● WHAT TO WORK ON: From the entries that follow, reproduce exactly and only the lines from the line with "みらんくん🧸がママといっしょ" to the line with "-. Brand : Dragon", endpoints included.

● EXERCISE DATA:
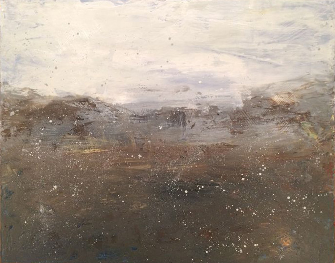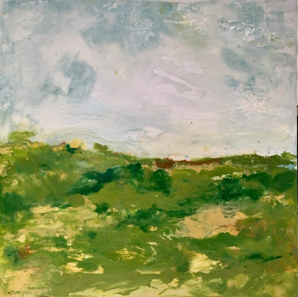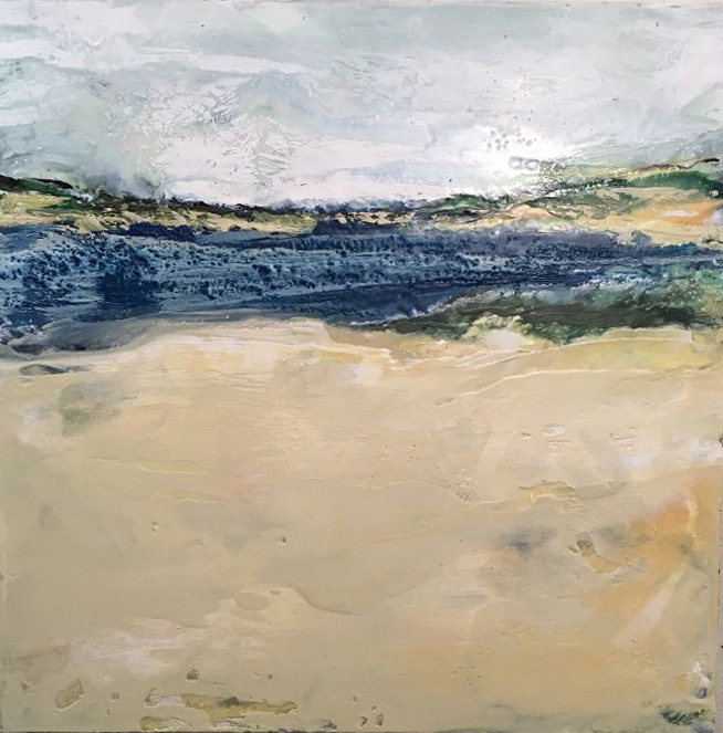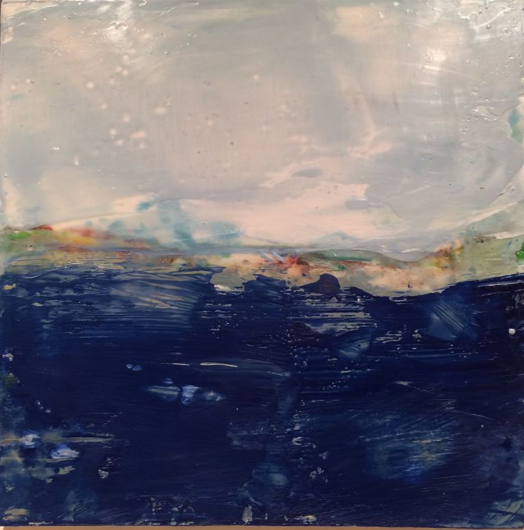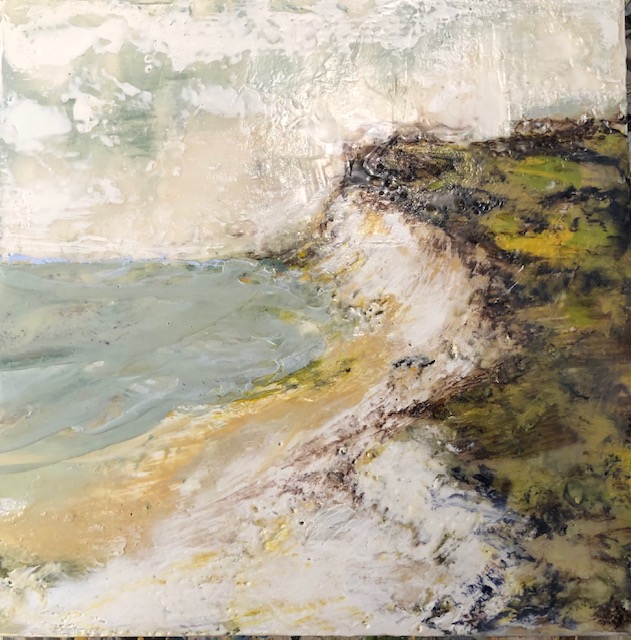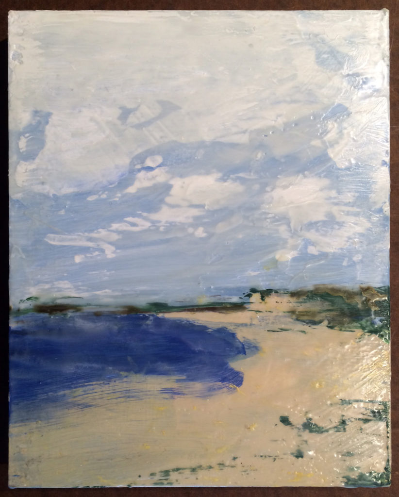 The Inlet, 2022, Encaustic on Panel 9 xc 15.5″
==
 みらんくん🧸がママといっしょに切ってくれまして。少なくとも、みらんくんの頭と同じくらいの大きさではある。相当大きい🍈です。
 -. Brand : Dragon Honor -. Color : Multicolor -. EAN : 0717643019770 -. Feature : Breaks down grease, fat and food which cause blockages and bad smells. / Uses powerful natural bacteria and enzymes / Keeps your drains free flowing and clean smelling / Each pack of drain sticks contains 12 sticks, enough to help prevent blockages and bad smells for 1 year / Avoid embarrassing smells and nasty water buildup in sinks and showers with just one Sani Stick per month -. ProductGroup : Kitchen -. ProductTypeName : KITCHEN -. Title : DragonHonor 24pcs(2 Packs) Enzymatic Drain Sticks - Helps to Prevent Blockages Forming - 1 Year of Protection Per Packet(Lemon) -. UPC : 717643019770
* * *
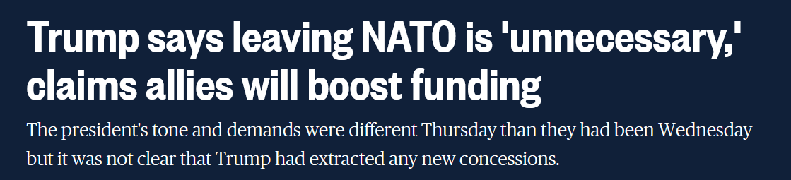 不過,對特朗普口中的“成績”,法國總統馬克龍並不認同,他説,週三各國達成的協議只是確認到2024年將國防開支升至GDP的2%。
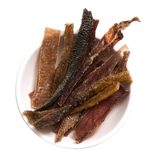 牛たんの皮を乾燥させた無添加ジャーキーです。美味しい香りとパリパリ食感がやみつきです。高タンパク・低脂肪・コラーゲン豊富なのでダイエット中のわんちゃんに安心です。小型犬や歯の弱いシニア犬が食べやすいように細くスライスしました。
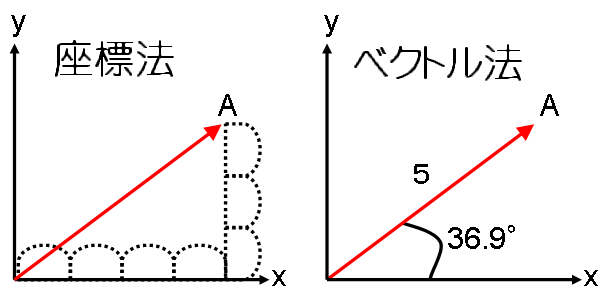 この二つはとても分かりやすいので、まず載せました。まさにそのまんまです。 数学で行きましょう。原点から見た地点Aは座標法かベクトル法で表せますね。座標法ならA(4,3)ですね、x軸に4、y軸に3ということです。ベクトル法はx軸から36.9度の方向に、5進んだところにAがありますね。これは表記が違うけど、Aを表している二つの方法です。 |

● TASK RESULT:
 みらんくん🧸がママといっしょに切ってくれまして。少なくとも、みらんくんの頭と同じくらいの大きさではある。相当大きい🍈です。
 -. Brand : Dragon Honor -. Color : Multicolor -. EAN : 0717643019770 -. Feature : Breaks down grease, fat and food which cause blockages and bad smells. / Uses powerful natural bacteria and enzymes / Keeps your drains free flowing and clean smelling / Each pack of drain sticks contains 12 sticks, enough to help prevent blockages and bad smells for 1 year / Avoid embarrassing smells and nasty water buildup in sinks and showers with just one Sani Stick per month -. ProductGroup : Kitchen -. ProductTypeName : KITCHEN -. Title : DragonHonor 24pcs(2 Packs) Enzymatic Drain Sticks - Helps to Prevent Blockages Forming - 1 Year of Protection Per Packet(Lemon) -. UPC : 717643019770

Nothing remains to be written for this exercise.